[DATA TO USE — start]

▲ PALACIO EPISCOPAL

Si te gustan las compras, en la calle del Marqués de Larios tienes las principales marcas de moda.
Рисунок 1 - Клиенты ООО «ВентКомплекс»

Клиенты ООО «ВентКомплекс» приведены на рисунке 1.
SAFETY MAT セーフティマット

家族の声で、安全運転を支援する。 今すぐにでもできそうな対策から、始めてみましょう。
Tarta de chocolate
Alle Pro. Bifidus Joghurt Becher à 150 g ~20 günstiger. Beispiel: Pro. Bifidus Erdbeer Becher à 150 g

[DATA TO USE — finish]
[DATA TO USE — start]

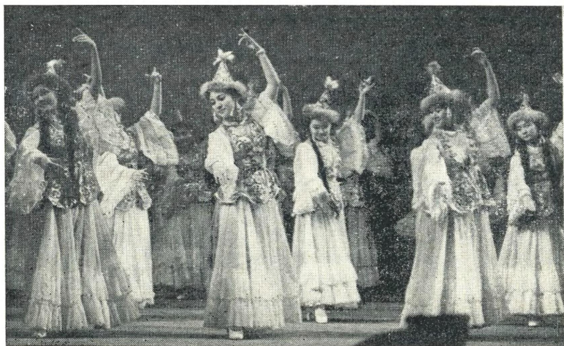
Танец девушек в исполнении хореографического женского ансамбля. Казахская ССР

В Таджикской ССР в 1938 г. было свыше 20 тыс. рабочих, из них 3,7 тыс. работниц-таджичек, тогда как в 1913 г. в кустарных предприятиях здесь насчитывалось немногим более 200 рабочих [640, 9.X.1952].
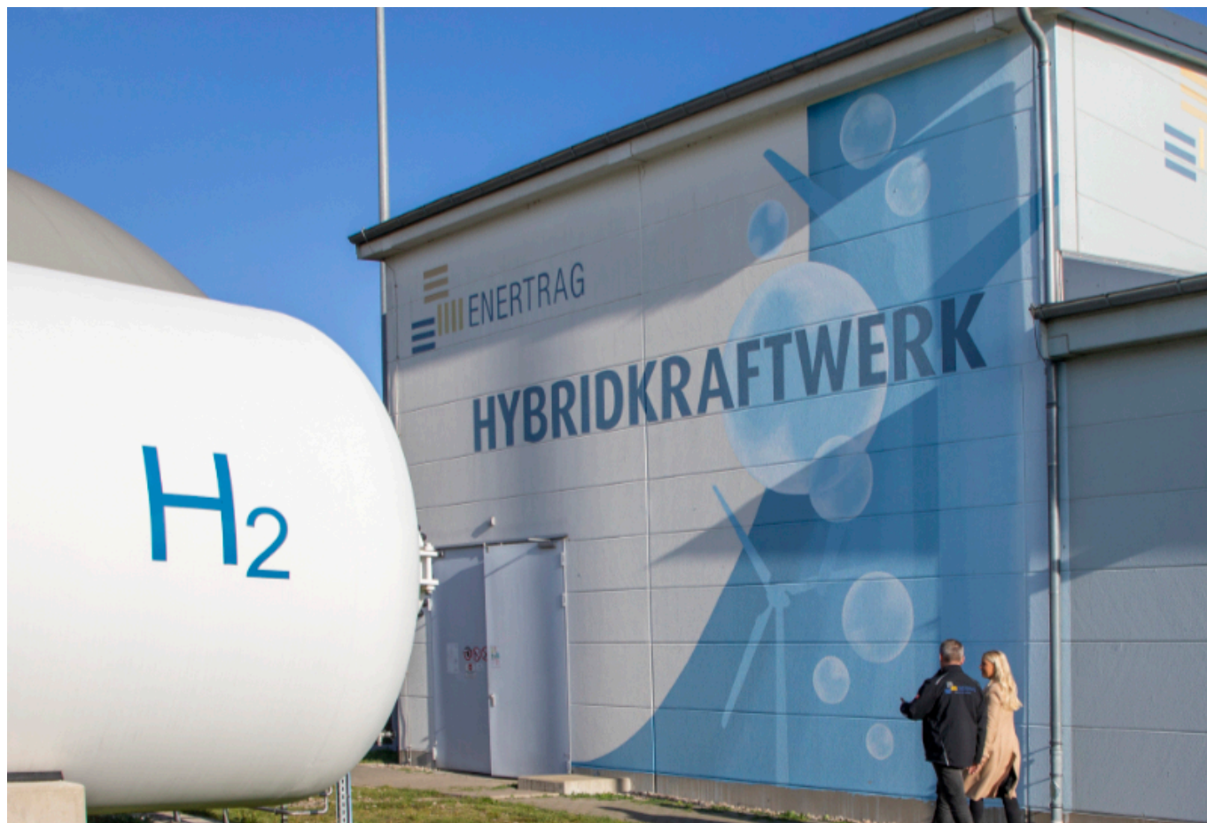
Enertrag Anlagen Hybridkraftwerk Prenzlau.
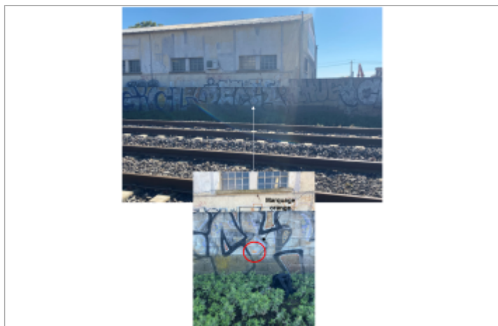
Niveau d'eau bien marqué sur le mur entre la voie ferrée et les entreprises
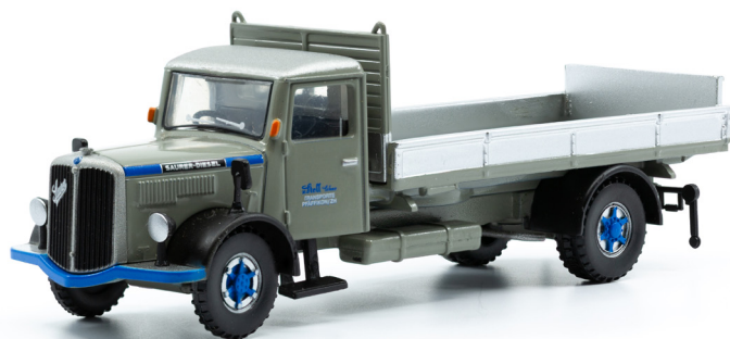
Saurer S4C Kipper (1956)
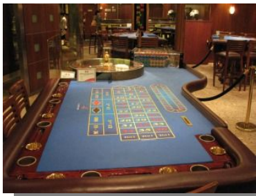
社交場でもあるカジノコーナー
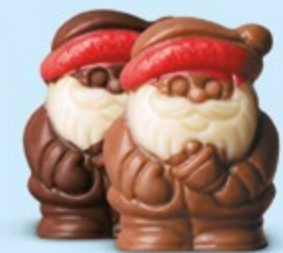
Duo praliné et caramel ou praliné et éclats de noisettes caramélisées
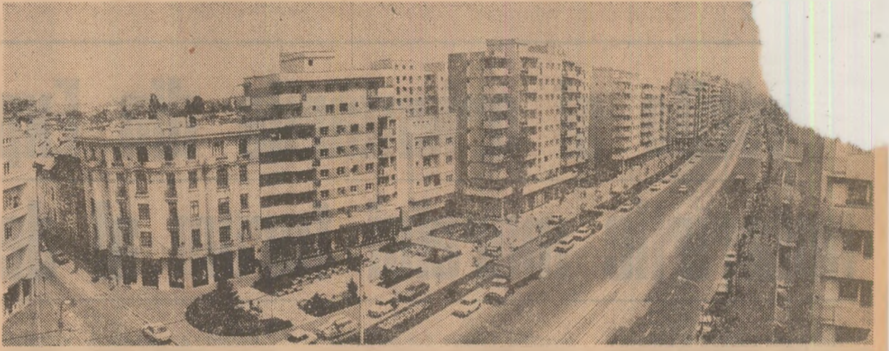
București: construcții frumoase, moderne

[DATA TO USE — finish]
[DATA TO USE — start]

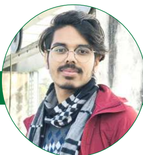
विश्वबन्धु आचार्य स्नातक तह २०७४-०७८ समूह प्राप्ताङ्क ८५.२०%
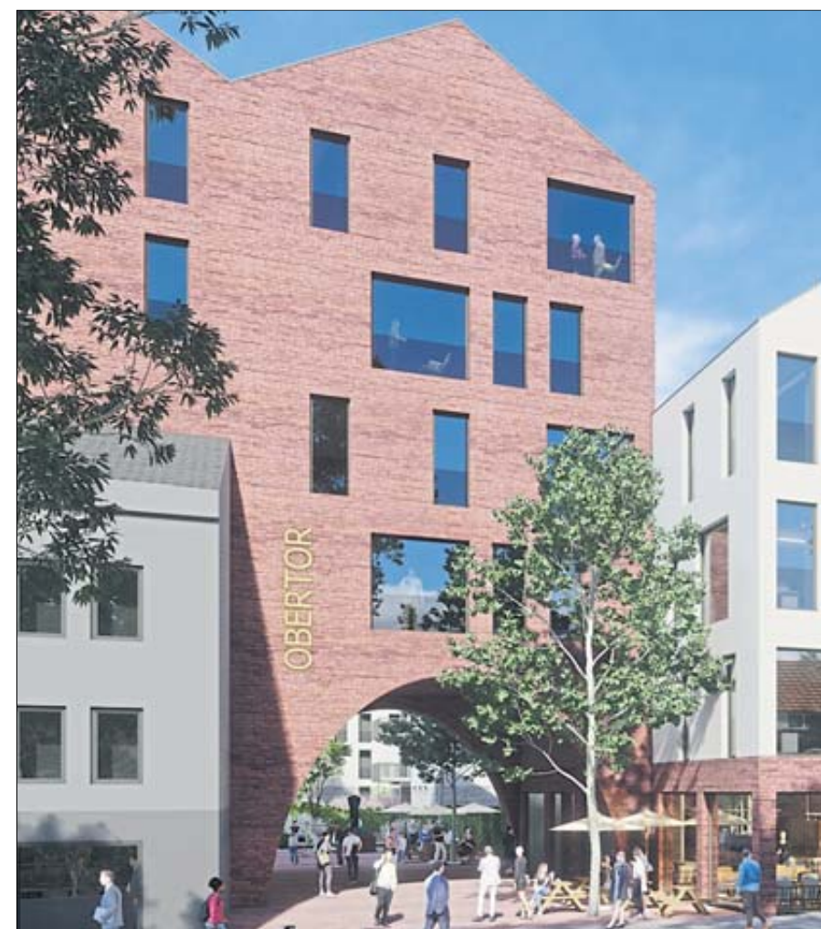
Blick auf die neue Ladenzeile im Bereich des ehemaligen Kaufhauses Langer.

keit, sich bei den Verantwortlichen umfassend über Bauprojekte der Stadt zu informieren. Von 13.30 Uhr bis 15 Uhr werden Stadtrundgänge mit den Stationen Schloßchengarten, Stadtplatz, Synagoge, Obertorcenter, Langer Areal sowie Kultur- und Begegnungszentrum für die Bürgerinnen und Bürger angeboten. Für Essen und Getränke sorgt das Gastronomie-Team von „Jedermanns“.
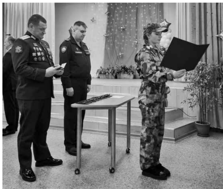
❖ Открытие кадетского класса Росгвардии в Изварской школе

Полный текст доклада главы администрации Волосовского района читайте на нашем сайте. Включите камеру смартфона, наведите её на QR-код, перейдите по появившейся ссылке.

[DATA TO USE — finish]

PROBLEM TO WORK ON: Reproduce the lines of the entries above from the one with "в Изварской школе" to the one with "Полный текст доклада", both included, exactly and without any other line.

REPLY:
❖ Открытие кадетского класса Росгвардии в Изварской школе

Полный текст доклада главы администрации Волосовского района читайте на нашем сайте. Включите камеру смартфона, наведите её на QR-код, перейдите по появившейся ссылке.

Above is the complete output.